The huge spike in bunker fuel prices over the last two weeks driven by oil market volatility after Russia’s invasion of Ukraine promises significant increases to container freight rates at a time shippers already face record spot prices in the trans-Pacific and elevated rates globally.
Prices for very low sulfur fuel oil (VLSFO) have jumped 26 percent since the Russian invasion of Ukraine on Feb. 24, currently averaging $986 per metric ton at the major hubs of Singapore, New York, and Rotterdam, according to oil price reporting agency OPIS. VLSFO powers 70 percent of the global fleet not fitted with scrubbers.
The high sulfur fuel oil price of $650/mt is 19 percent higher than two weeks ago, said OPIS.
Hapag-Lloyd CEO Rolf Habben Jansen told reporters in a press briefing Thursday that rising energy prices were “a real worry.”
“Fuel prices have gone up from $500 a ton to around $1,000 a ton,” he said. “We burn 4.5 million tons a year, so that means an extra cost of between $2 billion and $2.5 billion.”
Shippers will feel the pinch of the higher fuel costs via the traditional bunker adjustment factors (BAFs) that typically lag fuel price increases by one to two months.
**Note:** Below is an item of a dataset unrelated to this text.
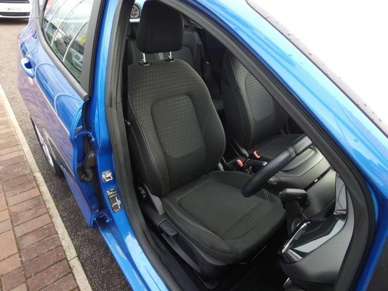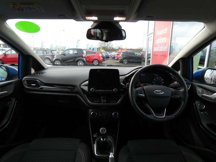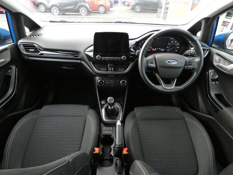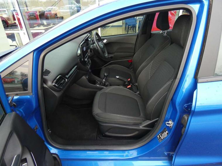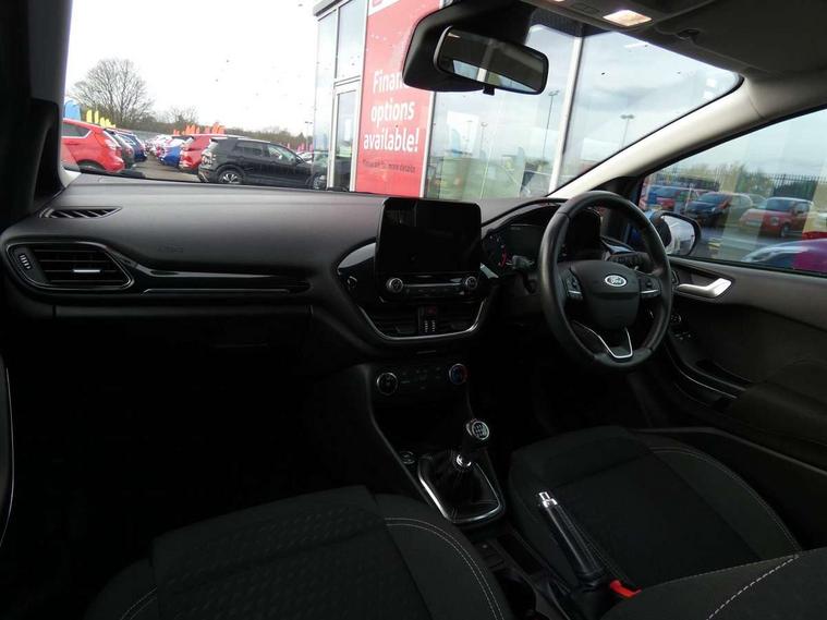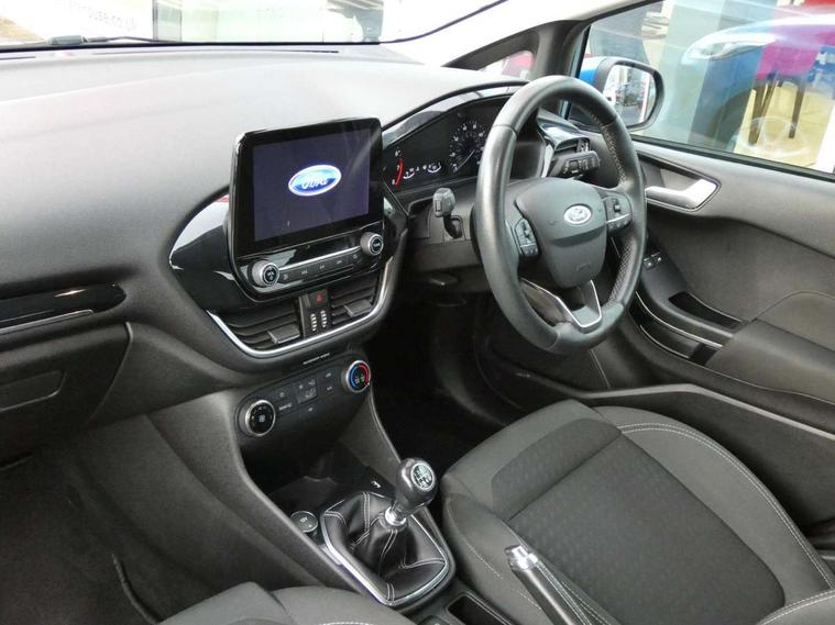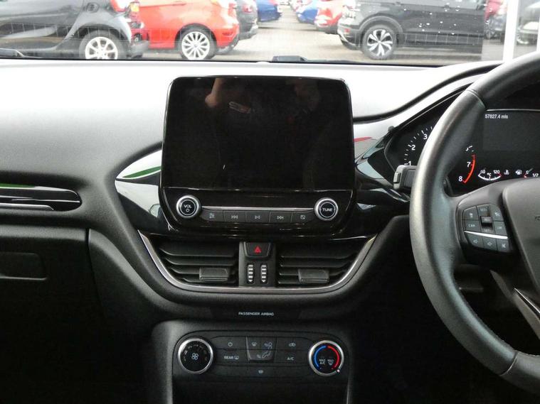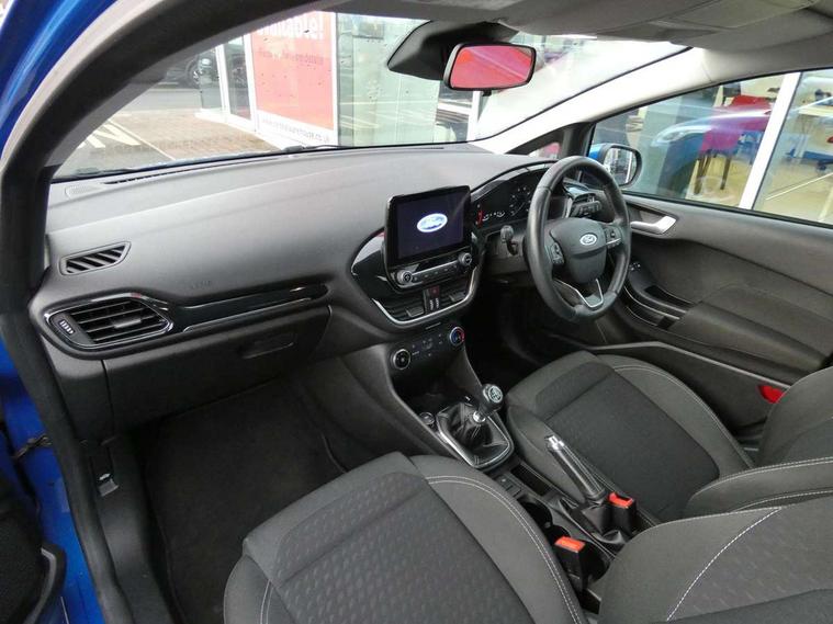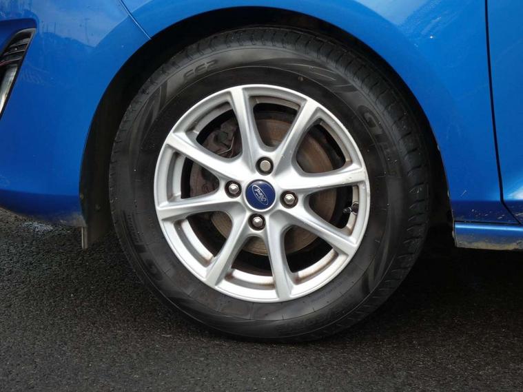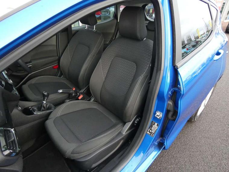 Bluetooth system, Electric power steering, Ford easy fuel, Trip computer, 2 USB ports, Auxiliary input socket, DAB Digital radio, Steering wheel mounted controls, Automatic headlights, Body colour bumpers, Body colour door handles, Body colour electric adjustable heated door mirrors with integral indicators, Body colour rear spoiler, Chrome beltline trim, Cornering front fog lights, Electric front windows/one touch facility, Halogen projector style headlights with static cornering lights + LED daytime running lights, Quickclear heated windscreen, Rear wiper, Tinted glass, Upper front grille chrome surround, 12V Accessory socket in centre console, 3 spoke leather trimmed steering wheel with audio control, 60/40 split folding rear seat, Adjustable head restraints, Boot carpet, Chrome inner door handles, Cloth upholstery, Footwell illumination, Front map reading lights, Front seat and rear pockets, Height adjustable driver's seat, Illuminated glovebox, Leather gear knob, Leather trimmed handbrake handle, Load area light, Luxury woven headliner, Manual air conditioning, Overhead console with sunglasses holder, Pollen filter, Rake/reach adjustable steering wheel, Rear centre head restraint, NCAP Pack - Fiesta, 3 point seatbelts on all rear seats, ABS+EBA, Curtain airbags, Driver and passenger airbags, Drivers knee airbag, Electronic stability control with hill start assist, Front passenger airbag deactivation, Front side airbags, Seatbelt warning, Tyre pressure monitoring system, MyKey system, Remote central locking & engine immobiliser, Thatcham Cat.1 alarm,

But Habben Jansen ruled out the imposition of deeply unpopular emergency bunker recovery surcharges that were levied in May and June 2018 by several carriers as fuel prices rose ahead of the US-China trade war.
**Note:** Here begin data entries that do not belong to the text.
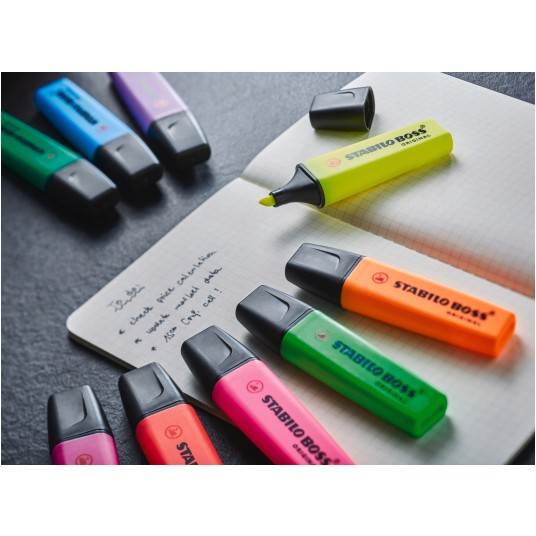- Wszystkie czarne elementy zakreślacza STABILO BOSS ORIGINAL wykonane są w 100% z surowców wtórnych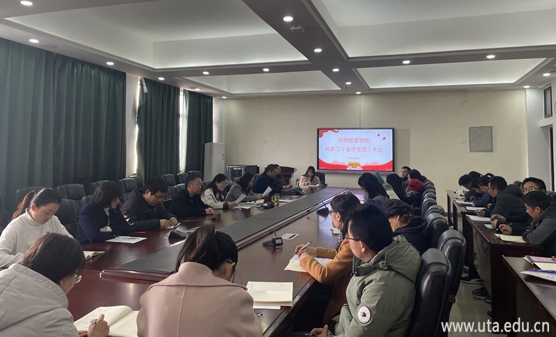 12月8日下午,纺织服装学院在纺织楼403会议室召开全体教职工大会,学院党总支副书记袁晓玲、副院长张文徽、组织员汪煦及全体教职工参加会议。会议由袁晓玲主持。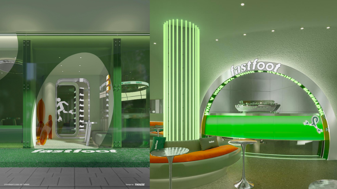 单一个绿色,就有很多不同的变调,比如橄榄绿、邮差绿、荧光绿等等,不同店还会使用不同主题,对应不同的绿色。急急脚主理人 Toe 告诉爱范儿,这能让消费者保持新鲜感。

“Bunker prices are passed on in longer contracts with a delay based on our fuel clauses that are included in the vast majority of our contracts,” he said. “We do not intend to come up with an emergency bunker surcharge because we don’t think it is needed or right at this point.”
Sea-Intelligence Maritime Analysis estimated in its latest Sunday Spotlight newsletter that if bunker fuel prices remained at their current level all year, the container shipping industry would incur an additional annual cost of $7 billion. That would result in an average fuel cost per TEU of $39.
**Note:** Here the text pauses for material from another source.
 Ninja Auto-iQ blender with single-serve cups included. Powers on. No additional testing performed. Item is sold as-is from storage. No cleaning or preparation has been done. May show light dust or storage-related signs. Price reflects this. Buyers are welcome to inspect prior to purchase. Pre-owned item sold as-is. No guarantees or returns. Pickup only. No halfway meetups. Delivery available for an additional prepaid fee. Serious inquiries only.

Lars Jensen, CEO and partner of Vespucci Maritime, warned in a LinkedIn post this week that the costs would soon be passed on.
“As the situation still spirals more out of control, we have likely not seen the peak yet and shippers should expect record high bunker surcharges in their next rate adjustments,” he said.
Record high rates on east-west trades
Any hike in fuel surcharges will come on top of already record-high rate levels that shippers have faced on the major east-west trades for almost 18 months.
Short-term rates of 30 days or less from Asia to the US West Coast reached $9,810 per FEU this week, up 144 percent year over year, according to rate benchmarking platform Xeneta. On top of the rate, carriers are charging “priority fees” of up to $6,388 per container to guarantee space on maxed-out vessels.
Trans-Atlantic rates from North Europe to the US East Coast were at $5,527 per TEU this week, more than double the price at the same point last year.
On the Asia-North Europe trade, short-term rates are currently at $7,640 per TEU, up 88 percent on last year, with Xeneta indicating a priority fee could be as much as $2,024 per TEU. While far above last year’s level, the rate softened at the end of February, falling $250 to $7,717 per TEU.
Peter Sand, chief analyst for Xeneta, said in a market update this week that the size of the recent average rate drop varied among the carriers, but the differential between the carrier with the largest rate decline and that with the smallest has narrowed, suggesting the Asia-North Europe trade was becoming more competitive.
“Fundamentally, growth in demand is not particularly strong, and there is the capacity to meet it, giving shippers more options and forcing carriers more into line and at a lower level,” Sand said. “There is still a long way to go before a return to lower freight rates, but this may well be the start of that journey, with the big caveat that global geopolitical or health-related developments could once again throw basic supply/demand principles out of the window.”